What is being asked: Output every line of the material exactly, omitting images.

Raw data:

++++

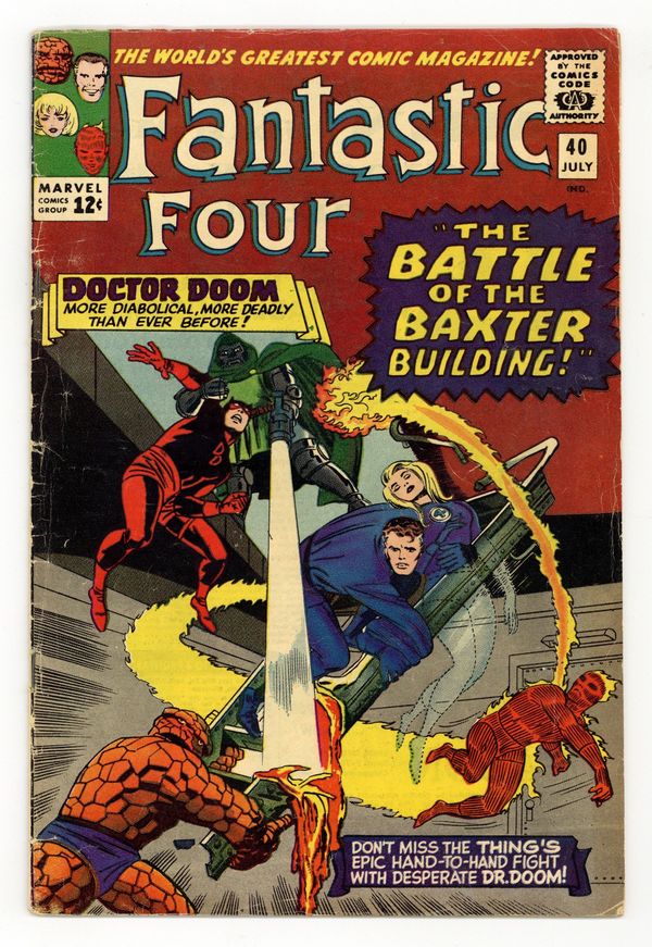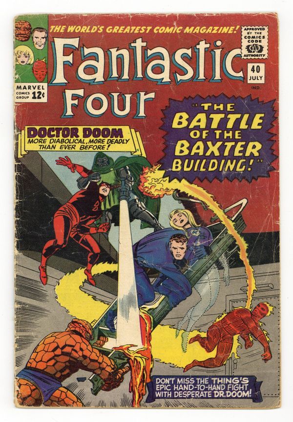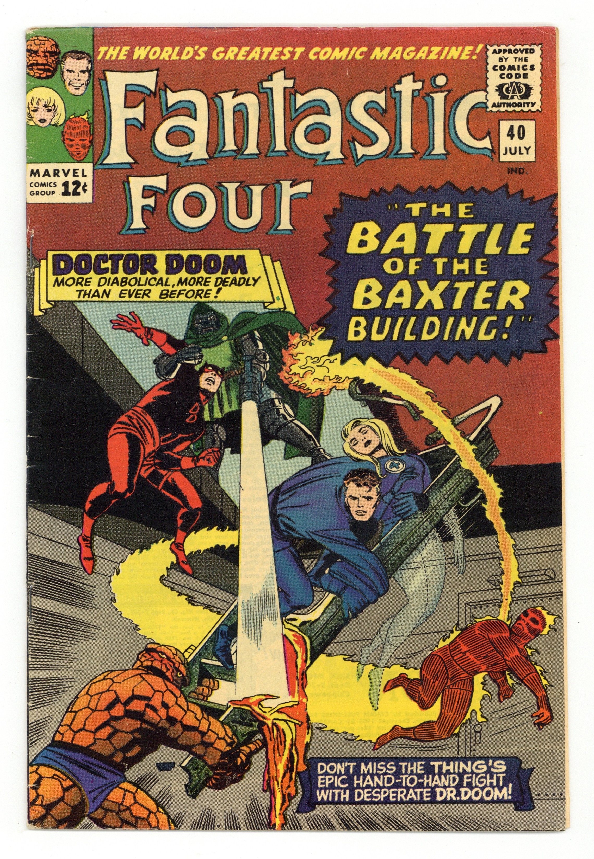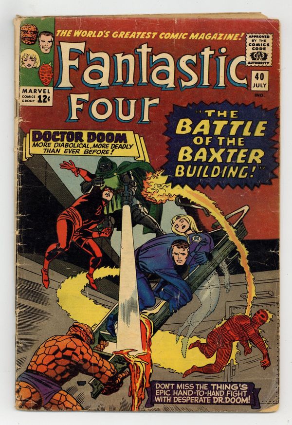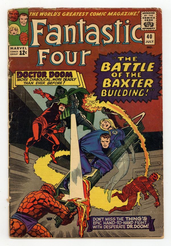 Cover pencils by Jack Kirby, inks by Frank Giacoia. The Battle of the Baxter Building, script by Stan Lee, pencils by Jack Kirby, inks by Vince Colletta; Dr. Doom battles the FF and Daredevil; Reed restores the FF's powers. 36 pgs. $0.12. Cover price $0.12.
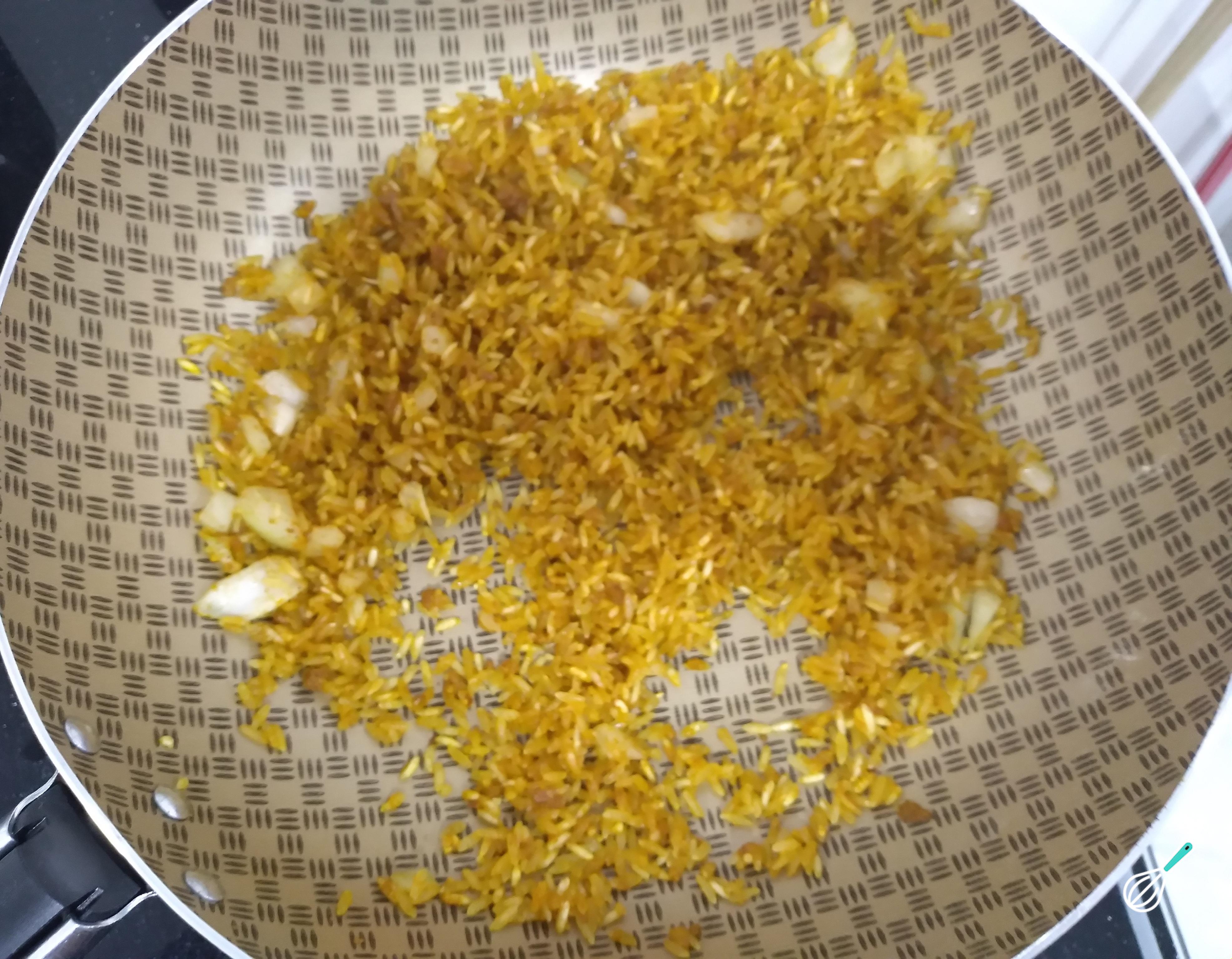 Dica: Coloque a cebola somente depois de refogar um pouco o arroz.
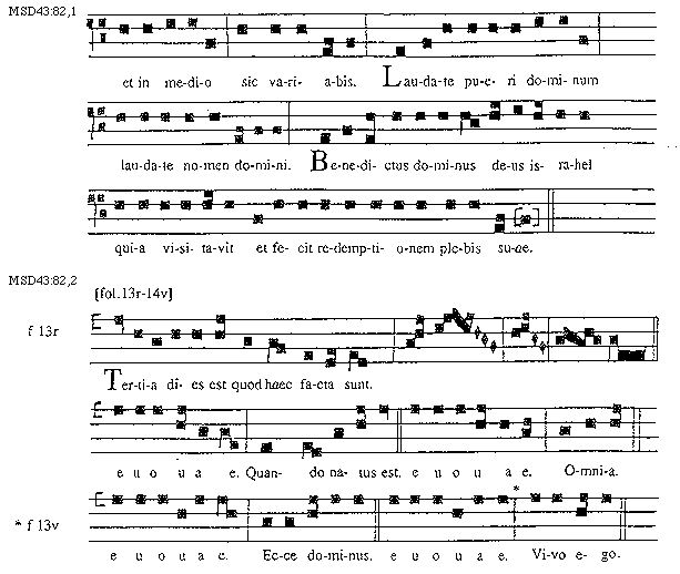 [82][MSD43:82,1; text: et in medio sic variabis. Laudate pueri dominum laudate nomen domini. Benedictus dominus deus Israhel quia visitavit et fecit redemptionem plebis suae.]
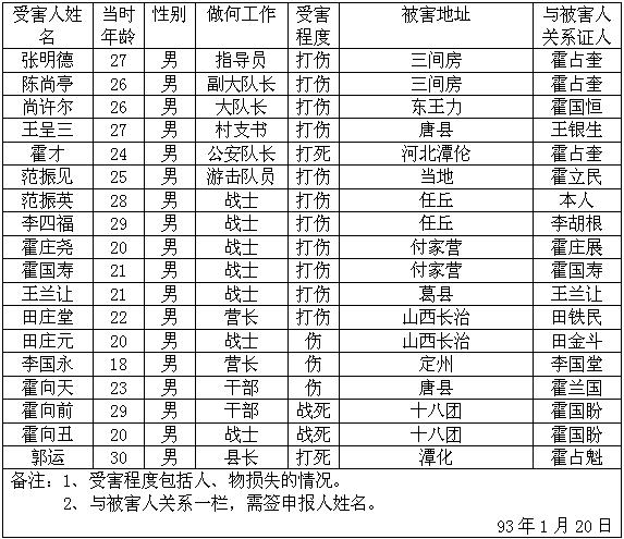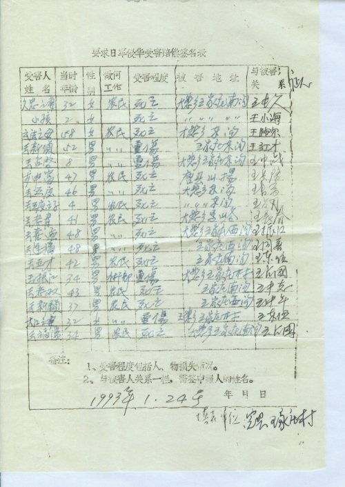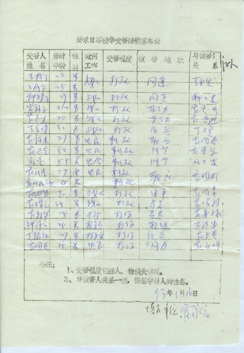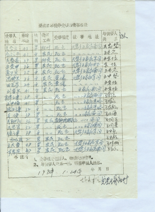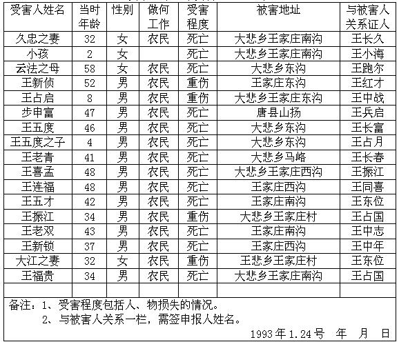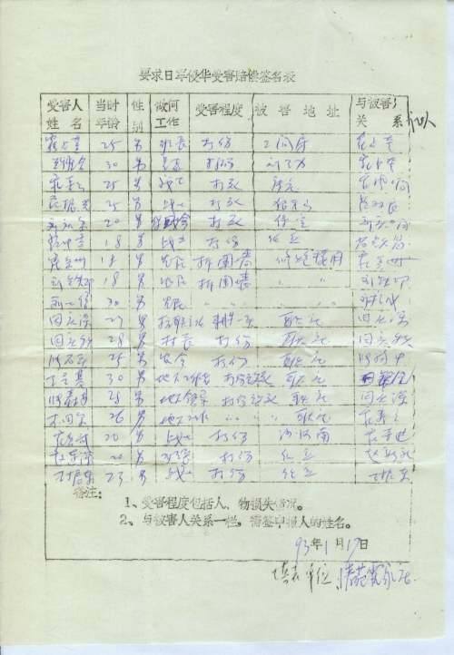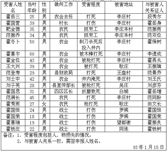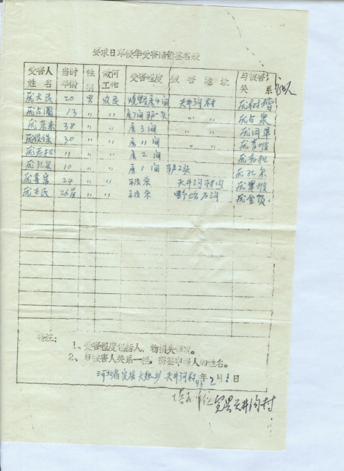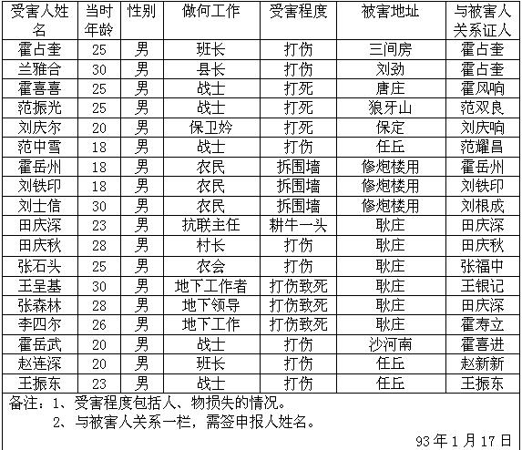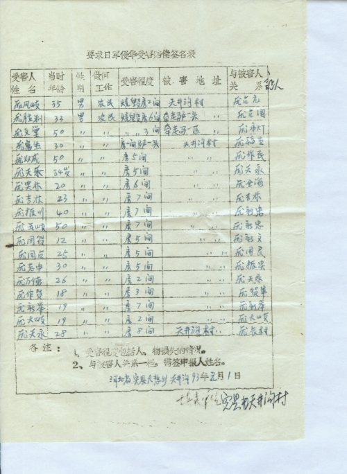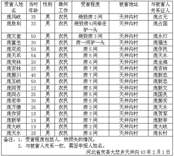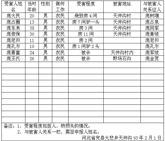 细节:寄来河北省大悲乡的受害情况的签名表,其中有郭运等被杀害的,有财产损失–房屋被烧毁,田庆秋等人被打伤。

++++

Output of the exercise:
 Cover pencils by Jack Kirby, inks by Frank Giacoia. The Battle of the Baxter Building, script by Stan Lee, pencils by Jack Kirby, inks by Vince Colletta; Dr. Doom battles the FF and Daredevil; Reed restores the FF's powers. 36 pgs. $0.12. Cover price $0.12.
 Dica: Coloque a cebola somente depois de refogar um pouco o arroz.
 [82][MSD43:82,1; text: et in medio sic variabis. Laudate pueri dominum laudate nomen domini. Benedictus dominus deus Israhel quia visitavit et fecit redemptionem plebis suae.]
 细节:寄来河北省大悲乡的受害情况的签名表,其中有郭运等被杀害的,有财产损失–房屋被烧毁,田庆秋等人被打伤。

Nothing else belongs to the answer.